Reconstructing hands in 3D from a single RGB image is challenging due to the nimbleness of hands, varied poses, truncation, and occlusion during object interaction. Existing methods employ attention-based transformers to learn 3D hand pose and shape, but these methods fail to capture the semantic relations between different joints. Additionally, relying solely on the attention mechanism for 3D hand mesh reconstruction does not fully exploit the joint spatial sequences. To address these issues, we propose a novel graph-guided Mamba framework, named Hamba, which bridges graph learning and state space modeling. Our core idea is to reformulate Mamba's scanning into graph-guided bidirectional scanning for 3D reconstruction using a few effective tokens. This enables us to learn the joint relations and spatial sequences to enhance 3D hand reconstruction performance. Specifically, we design a Graph-guided State Space (GSS) block that learns the graph-structured relations and spatial sequences of joints. The GSS block improves semantic relation learning while using 88.5% fewer tokens than attention-based methods and can serve as a plug-and-play module for other tasks. Furthermore, we integrate the global spatial tokens with local graph-structured features through a fusion module.
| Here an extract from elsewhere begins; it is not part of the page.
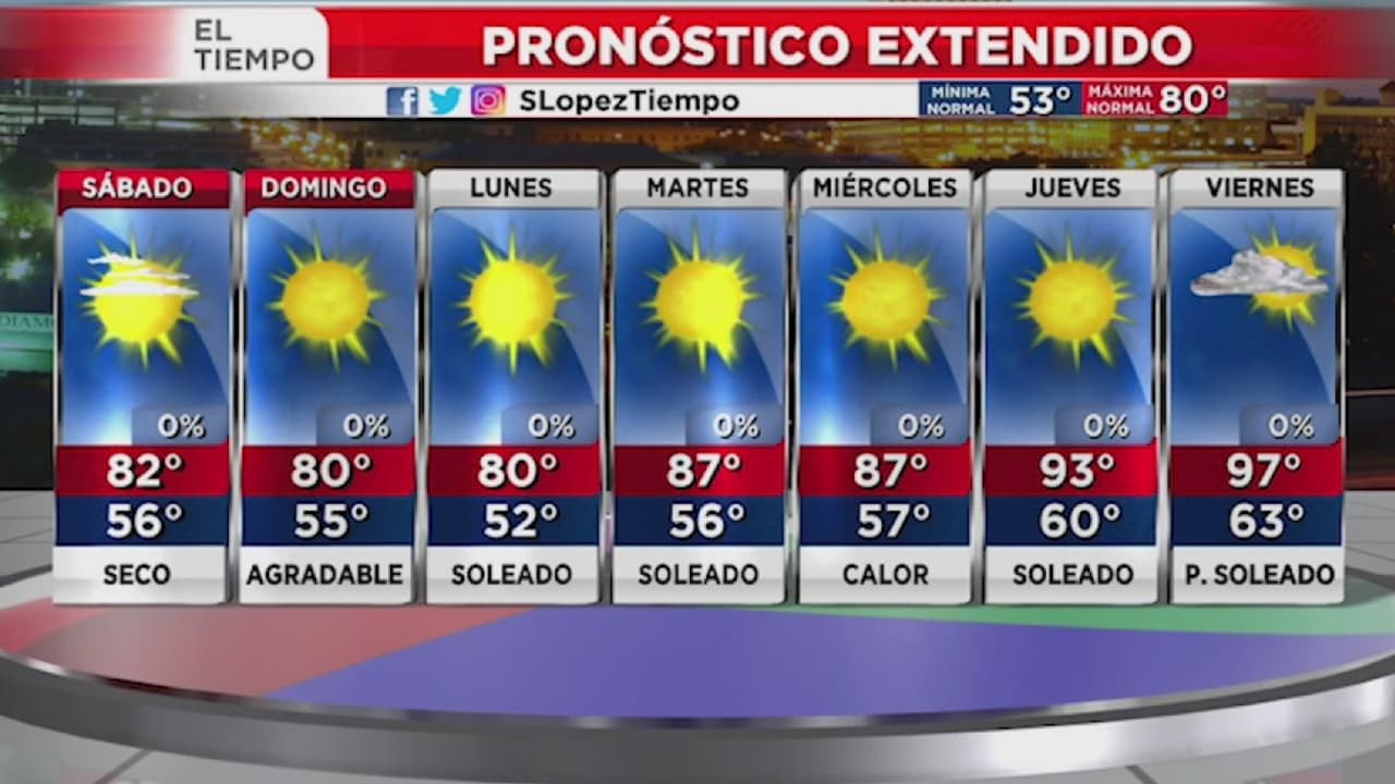 Las temperaturas máximas estarán en el rango de los bajos 80 grados, con cielos despejados y algunos vientos.

By utilizing the GSS and the fusion module, Hamba effectively leverages graph-guided state space modeling features and considers both global and local features to enhance performance jointly. Extensive experiments on multiple benchmarks and in-the-wild tests demonstrate that Hamba significantly outperforms state-of-the-art methods, achieving PA-MPVPE of 5.3mm and F@15mm of 0.992 on the FreiHAND benchmark. Hamba also achieves Rank 1 in two challenging competitions on 3D hand reconstruction. The code has been submitted as supplementary and will be open-sourced after manuscript acceptance.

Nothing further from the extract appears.